* **EXERCISE AIM**: Find the line containing "紫陽花 ピンクの霧島の恵 2ヶ月振りに咲いたんだけど、、、☺️" in the entries below. Restate it and each line after it, word for word, up to and including the line containing "A Targi is a".

* **INFORMATION PROVIDED**:
·····

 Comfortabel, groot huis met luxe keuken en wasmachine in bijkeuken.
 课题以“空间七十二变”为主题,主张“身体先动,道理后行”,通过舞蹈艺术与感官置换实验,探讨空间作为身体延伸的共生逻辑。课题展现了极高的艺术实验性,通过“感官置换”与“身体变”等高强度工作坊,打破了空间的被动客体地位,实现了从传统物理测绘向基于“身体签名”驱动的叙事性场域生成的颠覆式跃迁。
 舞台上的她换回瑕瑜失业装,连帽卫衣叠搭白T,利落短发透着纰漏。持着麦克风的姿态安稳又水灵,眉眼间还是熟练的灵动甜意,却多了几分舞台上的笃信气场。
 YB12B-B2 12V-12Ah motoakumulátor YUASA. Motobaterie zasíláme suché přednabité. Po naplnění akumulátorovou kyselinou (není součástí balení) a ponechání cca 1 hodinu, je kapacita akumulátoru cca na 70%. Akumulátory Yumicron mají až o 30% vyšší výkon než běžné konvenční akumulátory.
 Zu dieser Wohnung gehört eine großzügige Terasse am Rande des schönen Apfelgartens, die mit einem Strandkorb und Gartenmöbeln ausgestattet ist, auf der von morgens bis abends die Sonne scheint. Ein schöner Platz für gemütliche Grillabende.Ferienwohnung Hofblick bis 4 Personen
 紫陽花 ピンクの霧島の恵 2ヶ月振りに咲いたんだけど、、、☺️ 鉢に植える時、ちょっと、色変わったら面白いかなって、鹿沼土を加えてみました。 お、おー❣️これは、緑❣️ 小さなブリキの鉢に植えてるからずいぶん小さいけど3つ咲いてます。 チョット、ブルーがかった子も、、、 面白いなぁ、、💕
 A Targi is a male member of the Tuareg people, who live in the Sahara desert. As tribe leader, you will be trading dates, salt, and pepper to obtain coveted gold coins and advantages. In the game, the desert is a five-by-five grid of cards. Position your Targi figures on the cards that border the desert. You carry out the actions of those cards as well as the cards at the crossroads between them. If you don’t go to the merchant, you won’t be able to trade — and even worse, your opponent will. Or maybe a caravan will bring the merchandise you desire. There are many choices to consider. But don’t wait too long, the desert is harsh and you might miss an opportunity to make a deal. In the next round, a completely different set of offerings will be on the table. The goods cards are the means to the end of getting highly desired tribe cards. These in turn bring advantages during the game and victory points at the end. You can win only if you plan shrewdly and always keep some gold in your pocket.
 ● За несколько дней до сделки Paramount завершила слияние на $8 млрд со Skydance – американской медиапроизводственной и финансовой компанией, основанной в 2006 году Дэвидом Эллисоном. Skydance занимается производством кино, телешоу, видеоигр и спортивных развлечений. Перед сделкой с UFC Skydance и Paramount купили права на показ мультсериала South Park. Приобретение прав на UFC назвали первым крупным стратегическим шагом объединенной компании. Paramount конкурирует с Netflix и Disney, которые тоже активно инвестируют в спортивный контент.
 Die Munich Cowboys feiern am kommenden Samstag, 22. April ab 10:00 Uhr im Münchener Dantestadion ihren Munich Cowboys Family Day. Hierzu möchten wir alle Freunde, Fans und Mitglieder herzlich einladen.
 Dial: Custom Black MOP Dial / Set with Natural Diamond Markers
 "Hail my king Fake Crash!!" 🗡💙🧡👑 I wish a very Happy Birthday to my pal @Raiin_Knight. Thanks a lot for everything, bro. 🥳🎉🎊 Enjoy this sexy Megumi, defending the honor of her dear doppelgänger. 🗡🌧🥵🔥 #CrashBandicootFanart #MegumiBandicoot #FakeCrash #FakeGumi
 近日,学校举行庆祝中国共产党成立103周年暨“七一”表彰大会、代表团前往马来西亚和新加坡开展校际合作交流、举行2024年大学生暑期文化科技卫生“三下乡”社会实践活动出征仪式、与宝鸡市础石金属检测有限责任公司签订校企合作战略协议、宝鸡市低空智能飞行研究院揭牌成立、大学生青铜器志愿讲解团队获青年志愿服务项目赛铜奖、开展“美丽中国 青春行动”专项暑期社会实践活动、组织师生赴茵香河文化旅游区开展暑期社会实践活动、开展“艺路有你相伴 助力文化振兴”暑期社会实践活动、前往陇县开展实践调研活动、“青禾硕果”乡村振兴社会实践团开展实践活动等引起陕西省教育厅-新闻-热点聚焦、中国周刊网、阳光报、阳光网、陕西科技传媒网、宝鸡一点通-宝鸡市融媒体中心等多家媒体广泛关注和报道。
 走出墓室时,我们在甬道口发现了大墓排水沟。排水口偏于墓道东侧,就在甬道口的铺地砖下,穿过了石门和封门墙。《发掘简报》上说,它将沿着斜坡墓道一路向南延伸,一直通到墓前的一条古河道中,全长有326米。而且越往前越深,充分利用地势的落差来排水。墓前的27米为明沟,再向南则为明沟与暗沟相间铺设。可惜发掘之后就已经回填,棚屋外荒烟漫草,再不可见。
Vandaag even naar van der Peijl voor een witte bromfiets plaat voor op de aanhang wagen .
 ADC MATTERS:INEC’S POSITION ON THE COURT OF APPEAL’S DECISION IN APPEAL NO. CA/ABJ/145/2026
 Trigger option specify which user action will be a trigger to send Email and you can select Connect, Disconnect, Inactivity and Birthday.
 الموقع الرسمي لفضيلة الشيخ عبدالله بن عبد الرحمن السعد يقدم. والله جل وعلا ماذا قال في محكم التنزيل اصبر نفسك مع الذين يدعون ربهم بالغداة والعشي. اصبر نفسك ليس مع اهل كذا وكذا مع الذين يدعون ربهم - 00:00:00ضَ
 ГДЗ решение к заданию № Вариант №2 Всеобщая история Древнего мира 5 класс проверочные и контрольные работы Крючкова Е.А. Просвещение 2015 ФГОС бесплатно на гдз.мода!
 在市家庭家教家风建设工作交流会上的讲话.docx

·····

* **FINISHED EXERCISE**:
 紫陽花 ピンクの霧島の恵 2ヶ月振りに咲いたんだけど、、、☺️ 鉢に植える時、ちょっと、色変わったら面白いかなって、鹿沼土を加えてみました。 お、おー❣️これは、緑❣️ 小さなブリキの鉢に植えてるからずいぶん小さいけど3つ咲いてます。 チョット、ブルーがかった子も、、、 面白いなぁ、、💕
 A Targi is a male member of the Tuareg people, who live in the Sahara desert. As tribe leader, you will be trading dates, salt, and pepper to obtain coveted gold coins and advantages. In the game, the desert is a five-by-five grid of cards. Position your Targi figures on the cards that border the desert. You carry out the actions of those cards as well as the cards at the crossroads between them. If you don’t go to the merchant, you won’t be able to trade — and even worse, your opponent will. Or maybe a caravan will bring the merchandise you desire. There are many choices to consider. But don’t wait too long, the desert is harsh and you might miss an opportunity to make a deal. In the next round, a completely different set of offerings will be on the table. The goods cards are the means to the end of getting highly desired tribe cards. These in turn bring advantages during the game and victory points at the end. You can win only if you plan shrewdly and always keep some gold in your pocket.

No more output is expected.